Source information:
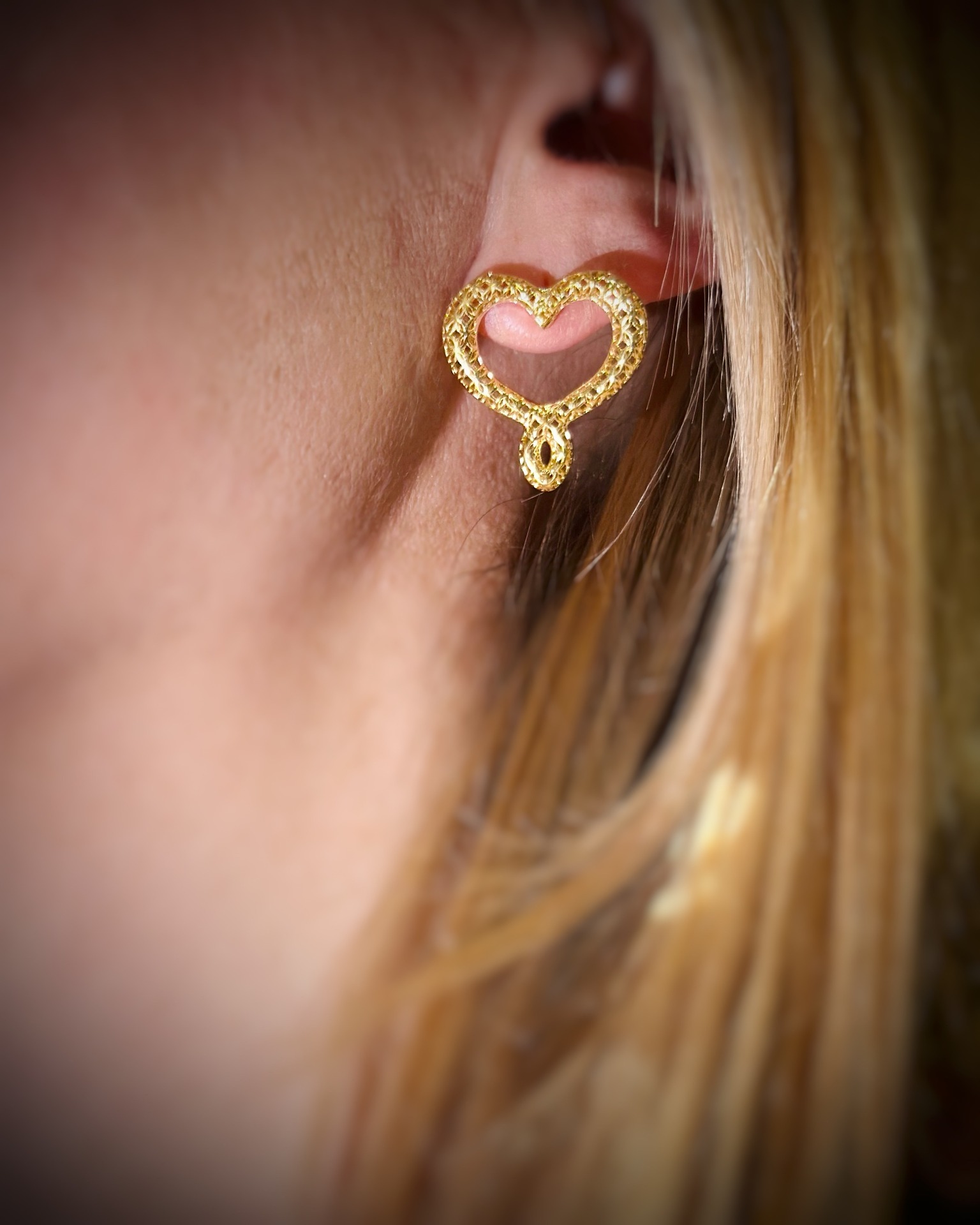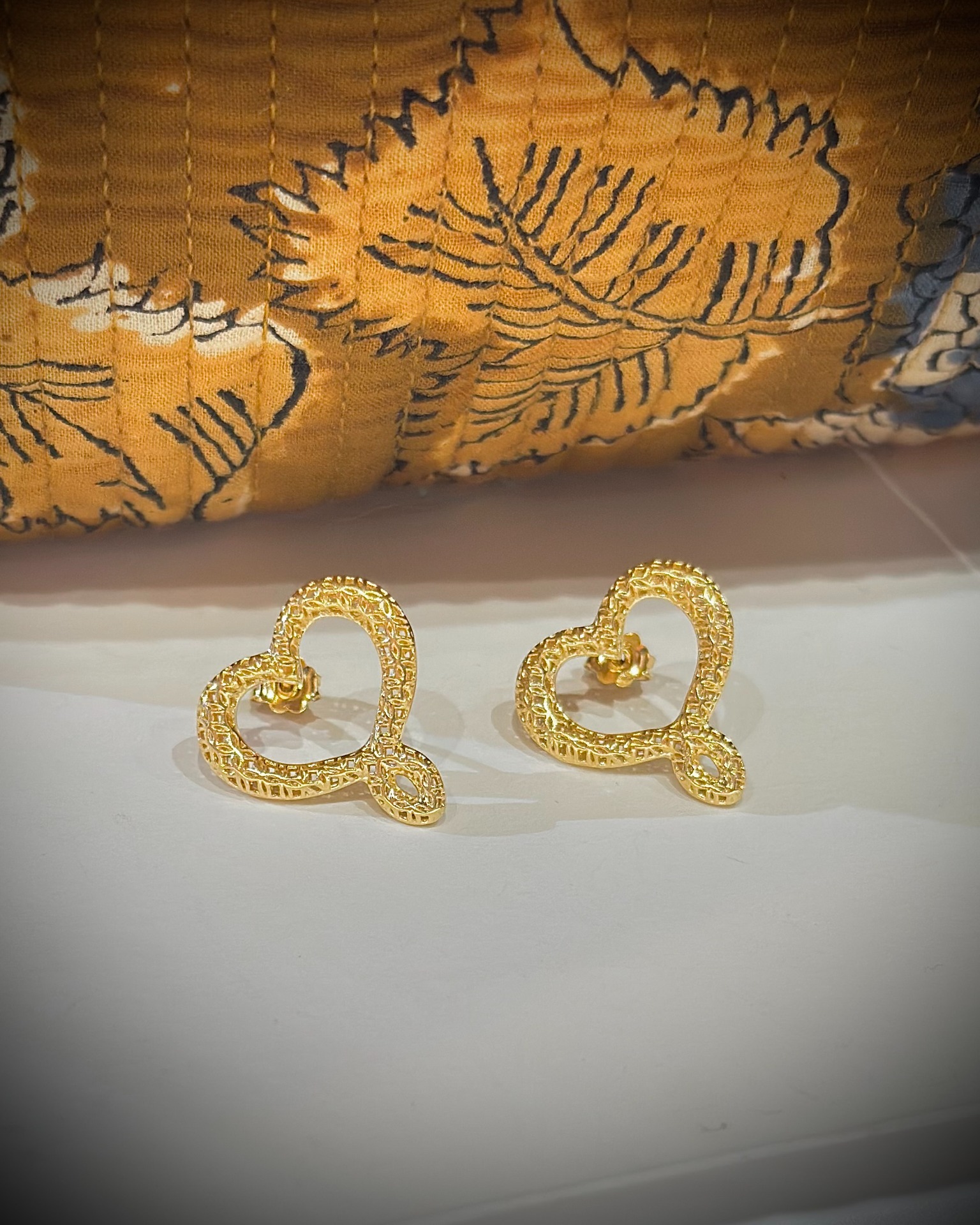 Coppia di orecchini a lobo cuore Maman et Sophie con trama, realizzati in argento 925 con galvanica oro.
--
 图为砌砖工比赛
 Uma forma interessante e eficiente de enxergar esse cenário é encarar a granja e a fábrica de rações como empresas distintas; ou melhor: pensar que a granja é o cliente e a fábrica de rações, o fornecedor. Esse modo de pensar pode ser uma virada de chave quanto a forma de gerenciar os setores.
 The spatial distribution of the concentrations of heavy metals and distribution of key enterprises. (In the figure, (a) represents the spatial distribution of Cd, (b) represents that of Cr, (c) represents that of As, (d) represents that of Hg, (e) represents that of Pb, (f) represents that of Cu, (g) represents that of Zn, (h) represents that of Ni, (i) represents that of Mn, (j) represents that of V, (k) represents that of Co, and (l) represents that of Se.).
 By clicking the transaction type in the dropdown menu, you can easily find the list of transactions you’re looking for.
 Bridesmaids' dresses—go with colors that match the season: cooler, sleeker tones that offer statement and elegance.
...
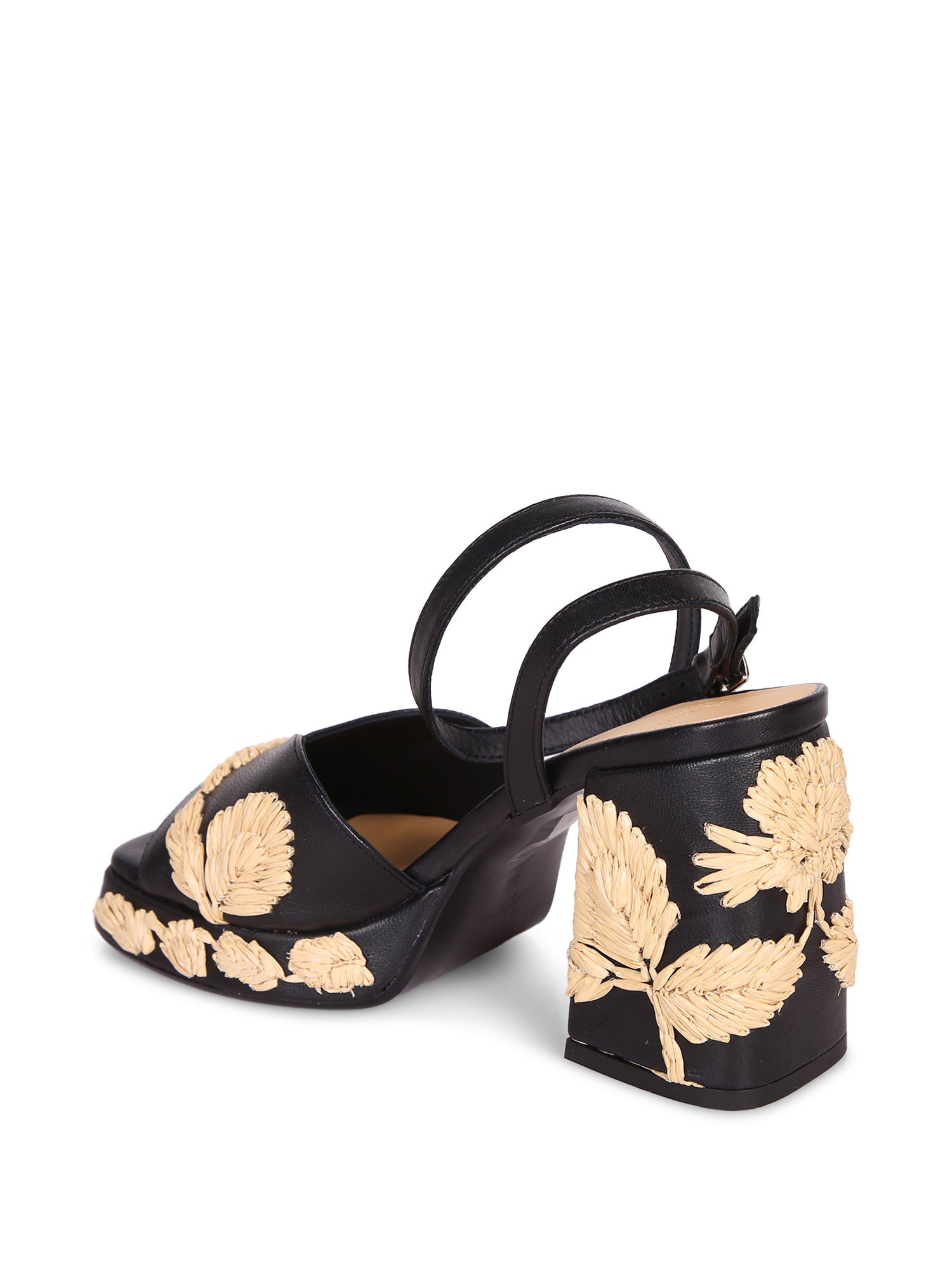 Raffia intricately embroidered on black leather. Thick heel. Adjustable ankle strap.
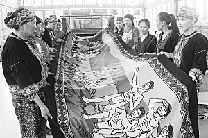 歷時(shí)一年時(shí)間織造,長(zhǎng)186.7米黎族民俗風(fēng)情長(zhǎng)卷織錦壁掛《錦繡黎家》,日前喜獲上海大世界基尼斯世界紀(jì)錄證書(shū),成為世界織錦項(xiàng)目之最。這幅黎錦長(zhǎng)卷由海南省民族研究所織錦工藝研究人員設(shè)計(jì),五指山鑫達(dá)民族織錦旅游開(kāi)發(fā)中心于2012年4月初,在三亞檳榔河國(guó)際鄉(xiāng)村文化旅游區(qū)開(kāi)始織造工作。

Instructions to follow: Leave the pictures out. Output, exactly, the lines of the material above starting at the line containing "Raffia intricately embroidered" and ending at the line containing "歷時(shí)一年時(shí".

Answer to the problem:
 Raffia intricately embroidered on black leather. Thick heel. Adjustable ankle strap.
 歷時(shí)一年時(shí)間織造,長(zhǎng)186.7米黎族民俗風(fēng)情長(zhǎng)卷織錦壁掛《錦繡黎家》,日前喜獲上海大世界基尼斯世界紀(jì)錄證書(shū),成為世界織錦項(xiàng)目之最。這幅黎錦長(zhǎng)卷由海南省民族研究所織錦工藝研究人員設(shè)計(jì),五指山鑫達(dá)民族織錦旅游開(kāi)發(fā)中心于2012年4月初,在三亞檳榔河國(guó)際鄉(xiāng)村文化旅游區(qū)開(kāi)始織造工作。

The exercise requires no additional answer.